Publication number: WO2006093912A2
Application number: PCT/US2006/006938
Authority: WO
Inventors: Gil Sideman
Original assignee: Oddcast, Inc.
Priority date: 2005-03-01
Filing date: 2006-03-01
Publication date: 2006-09-08
Also published as: KR20070106652A; US20060200355A1; WO2006093912A3

Abstract

A method and system may provide an interface (e.g., 'API'), client side software module or other process that may accept an input from a client process such as a website, being executed on a local computer. The module may send the input and possibly authentication information to a remote server, which may produce text-to-speech content or output and transmit the output back to the module, which may produce the output for the client process. The module may be loaded by a security or bootstrap process. The module may analyze client side status, or may otherwise generate authentication or security conditions or information.

Description

System and Method For A Real Time Client Server Text to Speech Interface

BACKGROUND OF THE INVENTION

Text-to-speech computing or software systems exist that input, for example, text, and produce an output of, for example, an audible stream of the text converted to speech. Some systems combine the audible speech with an animated figure that may seem to produce the speech. For example, a text to speech "engine" may take as input a string, and may cause an animated figure to say the text contained in the string, possibly in a selected language.

In a client-server environment where a preponderance of platforms constitute the client base, embedding capabilities such as text-to-speech ("TTS") capability into an application may be complicated due to platform variability.

In such a configuration, the interface between a client program, such as for example a website or a web browser, or software integrated into a website or web browser, and a text-to-speech server or a server side engine may be complex and difficult to use. Further it may be desirable for the server side engine to know of the identity of the client, for security or metering purposes, for example; convenient ways of monitoring or controlling the use of text-to-speech services based on for example identity are needed.

SUMMARY

A method and system may provide an interface (e.g., "API"), client side software module or other process that may accept an input from a client process such as a website, being executed on a local computer. The module may send the input and possibly authentication information to a remote server, which may produce text-to-speech content or output and transmit the output back to the module, which may produce the output for the client process.

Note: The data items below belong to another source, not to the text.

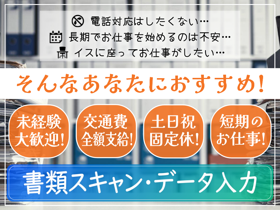 《埼玉県寄居町》未経験◎電話なし×精勤手当有!|書類スキャン・データ入力|土日祝日休み
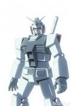 looking at viewer,full_armor,superrobet,Gundam,machinery,holding_weapon,gun,no_humans,glowing,robot,holding_gun,mecha,science_fiction,energy_gun,beam_rifle,strong contrast,mechanical buddy universe,RX_78_2(GQUUUUUUX_EP12_VER)
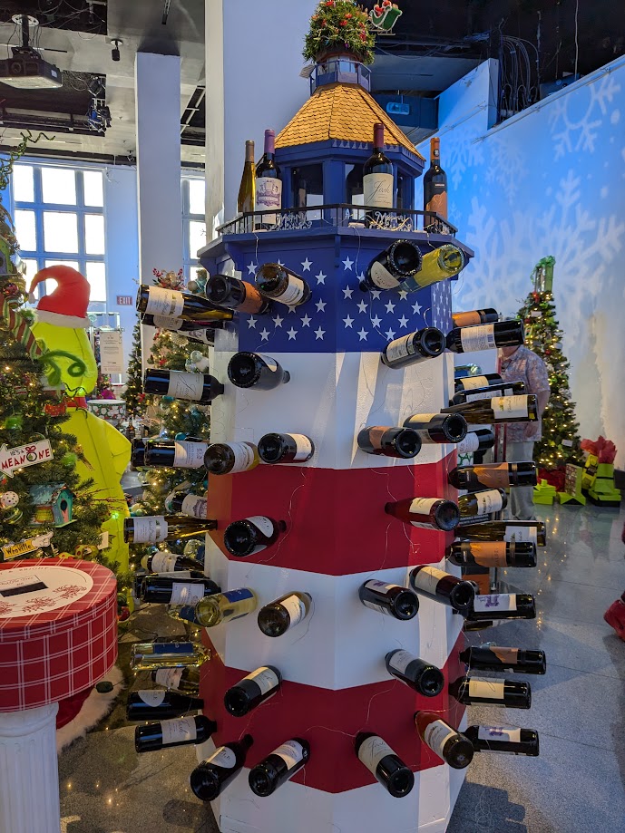 There are about 80 bottles of wine on this tree, won by a long-time Festival of Trees and SBDAC volunteer.
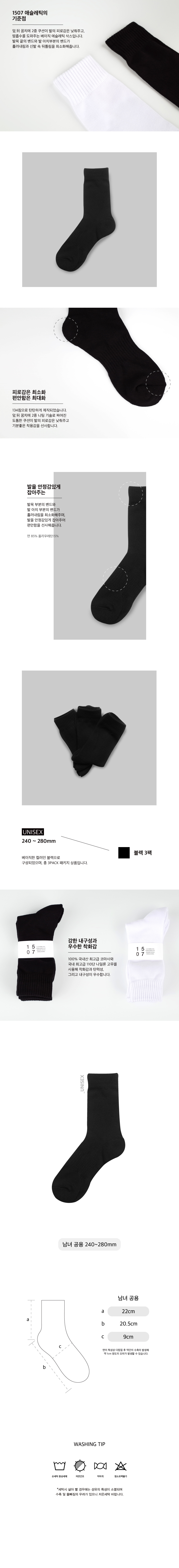 [3PACK] 1507 베이직 애슬레틱 삭스 _ 블랙
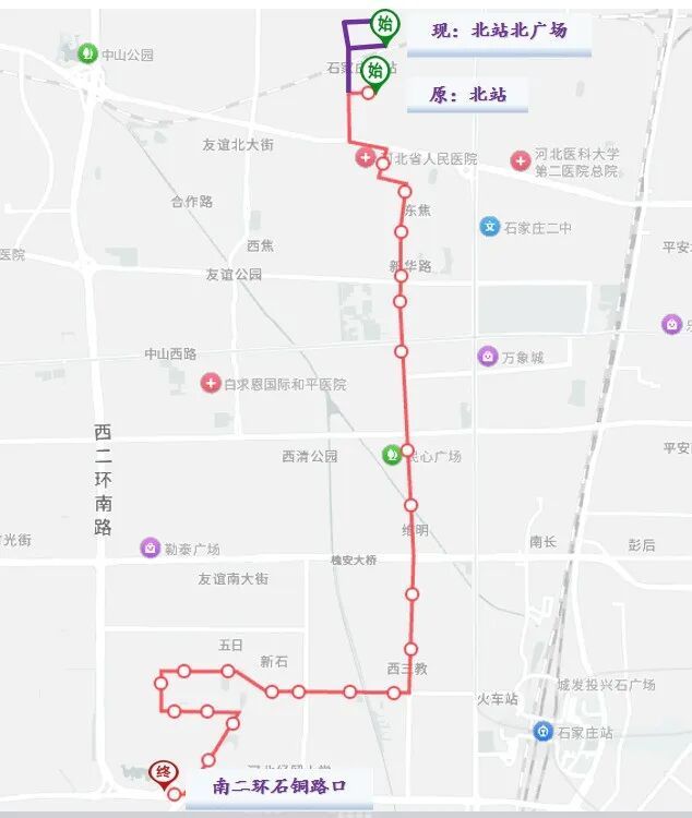 1. 起止点:始发站南二环石铜路口不变,终点站由北站南广场调整为北站北广场。
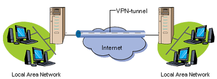 Наиболее распространенным решением является использование технологии виртуальных частных сетей (virtual private network, VPN). В этом случае обеспечивается создание логических туннелей между локальными сетями, соединенными публичной сетью. То есть два граничных устройства, принадлежащих разным локальным сетям эмулируют соединение точка-точка между собой. Обе локальные сети оказываются как бы объединенными, то есть не требуется никаких дополнительных настроек ни рабочих станций и серверов, ни других маршрутизаторов. Глобальная сеть Интернет используется в качестве магистрали виртуальной частной сети (см. рис.1).

The module may be loaded by a security or bootstrap process. The module may analyze client side status, or may otherwise generate authentication or security conditions or information. BRIEF DESCRIPTION OF THE DRAWINGS

The present invention will be understood and appreciated more fully from the following detailed description taken in conjunction with the drawings in which:

Fig. 1 depicts a local and remote system, according to one embodiment of the present invention;

Fig. 2 depicts a web page produced by an embodiment of the present invention, and its interaction with various components of one embodiment of the present invention; and

Fig. 3 is a flowchart of a method according to one embodiment of the present invention.

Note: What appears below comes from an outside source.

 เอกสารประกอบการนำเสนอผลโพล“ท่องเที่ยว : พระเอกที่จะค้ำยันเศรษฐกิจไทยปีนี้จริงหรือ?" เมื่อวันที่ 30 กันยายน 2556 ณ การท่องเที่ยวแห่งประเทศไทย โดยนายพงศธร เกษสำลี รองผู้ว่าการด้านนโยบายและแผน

DETAILED DESCRIPTION OF THE INVENTION In the following description, various aspects of the present invention will be described. For purposes of explanation, specific configurations and details are set forth in order to provide a thorough understanding of the present invention. However, it will also be apparent to one skilled in the art that the present invention may be practiced without the specific details presented herein. Furthermore, well-known features may be omitted or simplified in order not to obscure the present invention.

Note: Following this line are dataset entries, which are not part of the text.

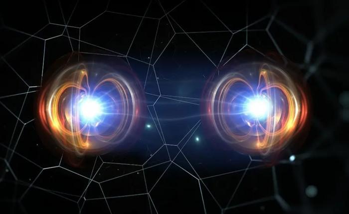 量子纠缠是指当一对粒子被创造出来之后,一旦确立了其中一个粒子的属性,另外一个粒子的属性也就会自动显现出来。
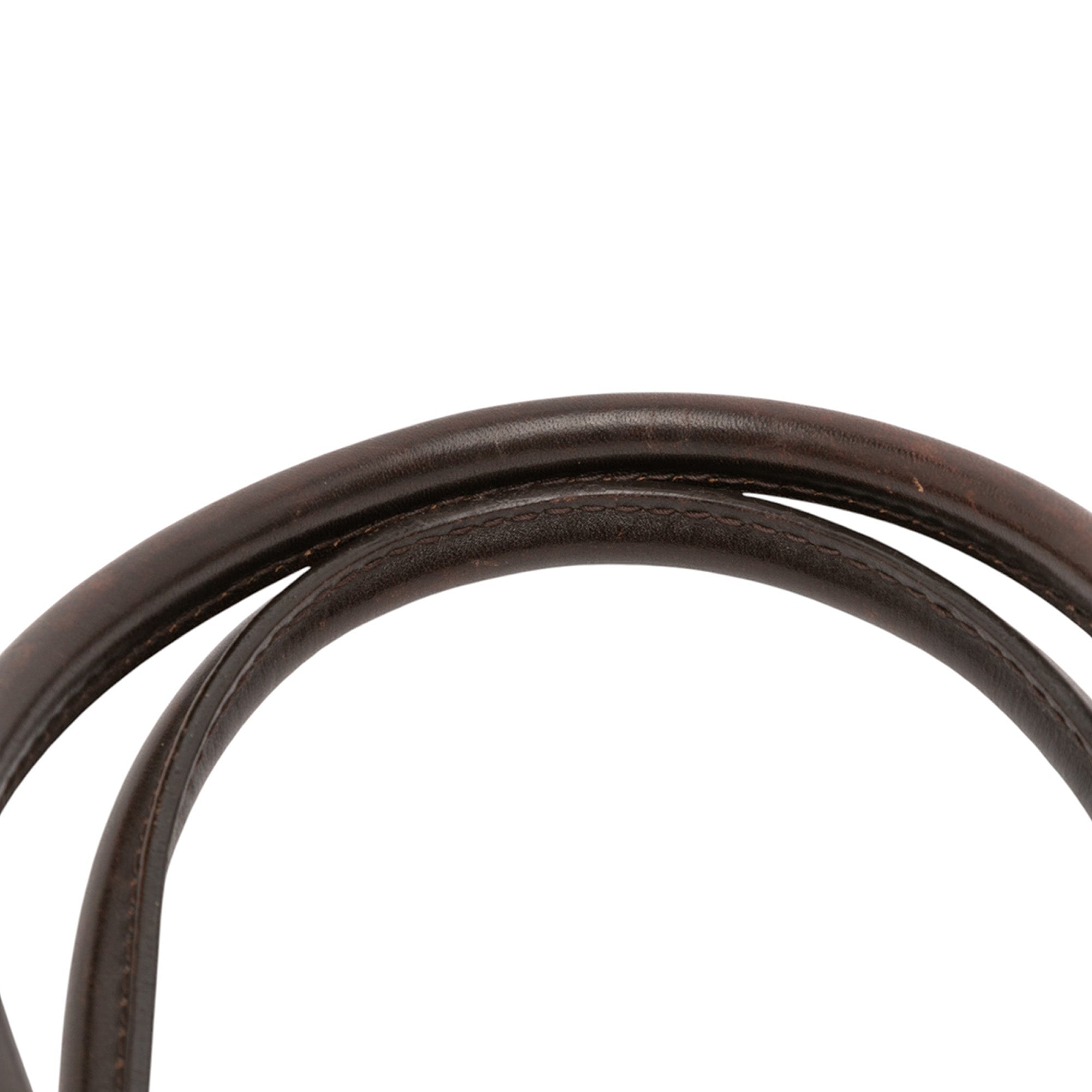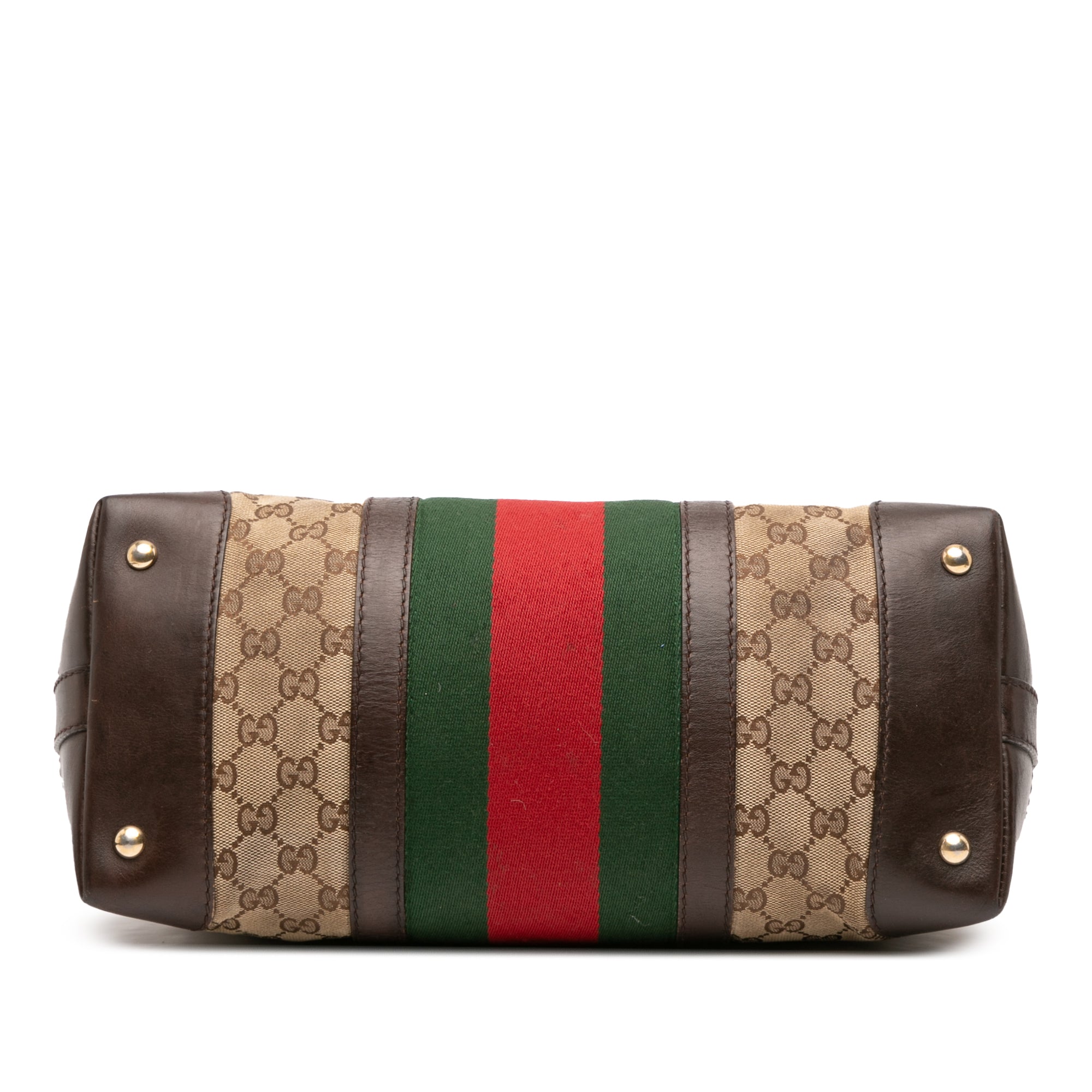 This satchel features a canvas body with leather trim, rolled leather handles, a detachable flat leather strap, a top zip closure, and interior zip and slip pockets. Retail Price: 800.00
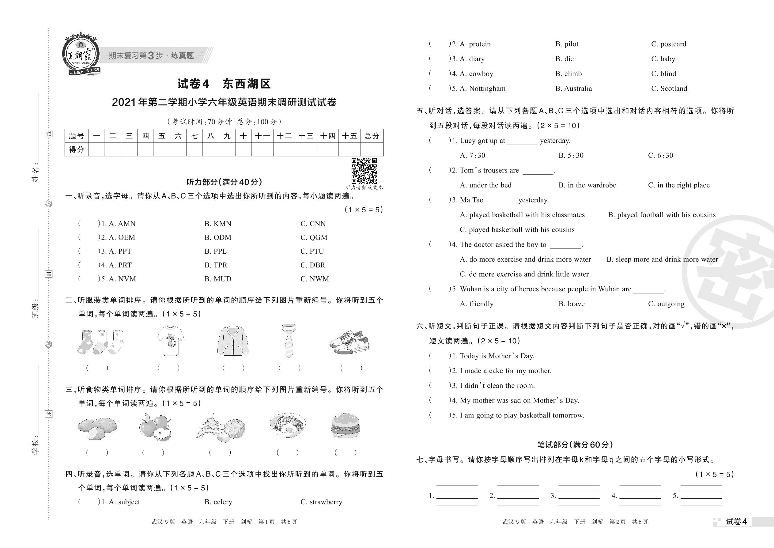 东西湖区2021年第二学期小学六年级英语期末调研测试试卷(剑桥版)【4】
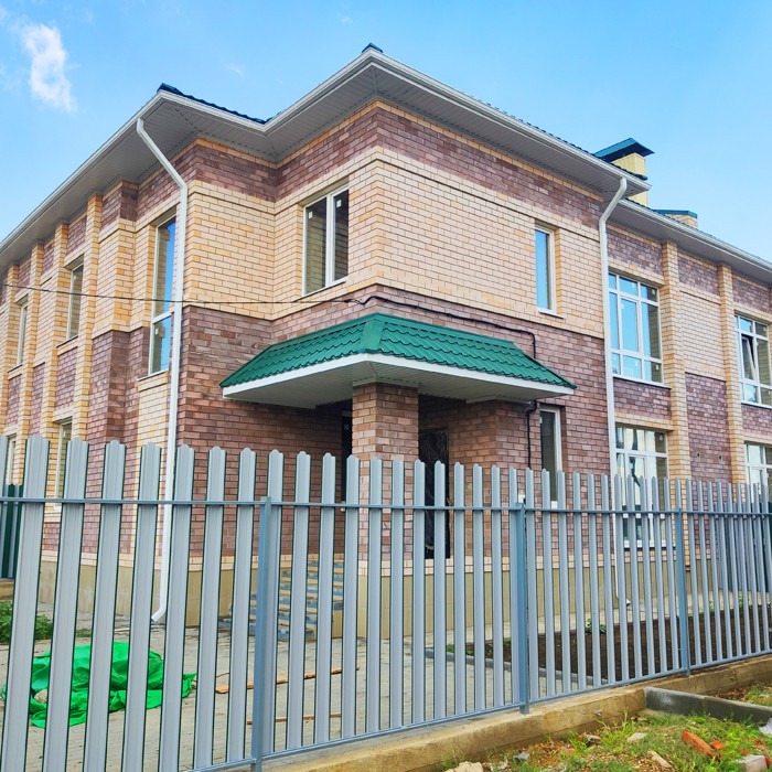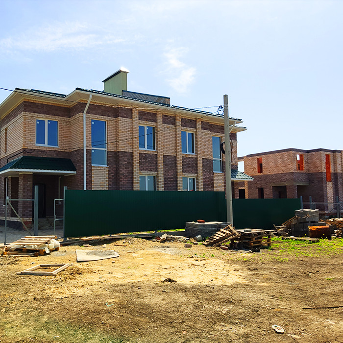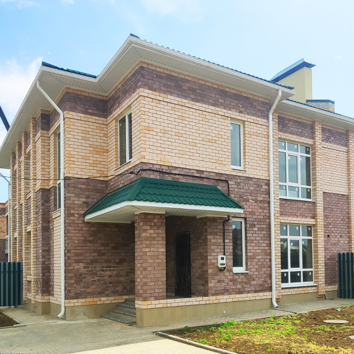 Таунхаус от застройщика. Два этажа. Отдельный вход, свой двор, есть въезд для машины. Дом кирпичный, очень теплый. Сделана электроразводка, выведены коммуникации. Все коммуникации центральные. Сделана хорошая механизированная стяжка и штукатурка. Весь первый этаж - теплый пол. Лестница на второй этаж бетонная. Бетонные плиты перекрытия.

The processes presented herein are not inherently related to any particular computer or other apparatus. Various general-purpose systems may be used with programs in accordance with the teachings herein, or it may prove convenient to construct a more specialized apparatus to perform embodiments of a method according to embodiments of the present invention. Embodiments of a structure for a variety of these systems appears from the description herein. In addition, embodiments of the present invention are not described with reference to any particular programming language. It will be appreciated that a variety of programming languages may be used to implement the teachings of the invention as described herein.

Unless specifically stated otherwise, as apparent from the discussions herein, it is appreciated that throughout the specification discussions utilizing data processing or manipulation terms such as "processing", "computing", "calculating", "determining", or the like, typically refer to the action and/or processes of a computer or computing system, or similar electronic computing device, that manipulate and/or transform data represented as physical, such as electronic, quantities within the computing system's registers and/or memories into other data similarly represented as physical quantities within the computing system's memories, registers or other such information storage, transmission or display devices.

One embodiment of the present invention includes a client-server implementation, where text-to-speech generation takes place on the server side, and playback takes place on the client side. Such a solution may allow the server side to execute specialized and/or application specific code, where the client side may executes code which is based on previously distributed standards (e.g., for audio playback of a standard audio file or stream).

Embodiments of the present invention relate to the generation and presentation of text to speech output, such as in conjunction with speaking animated characters or figures using speech-driven facial animation, which may be integrated into, and utilized in, display contexts, such as wireless and internet-based devices, interactive TV, web sites and applications. Embodiments of the invention may allow for easy installation and integration of such tools in graphic output environments such as web pages.

In one embodiment of the present invention, a method or system may use for example a client process such as a side proxy object with a (typically well defined) client side interface to facilitate server side text-to-speech or other complex processing for the purpose of client side audio or text-to-speech playback. Other or different results or benefits may be achieved.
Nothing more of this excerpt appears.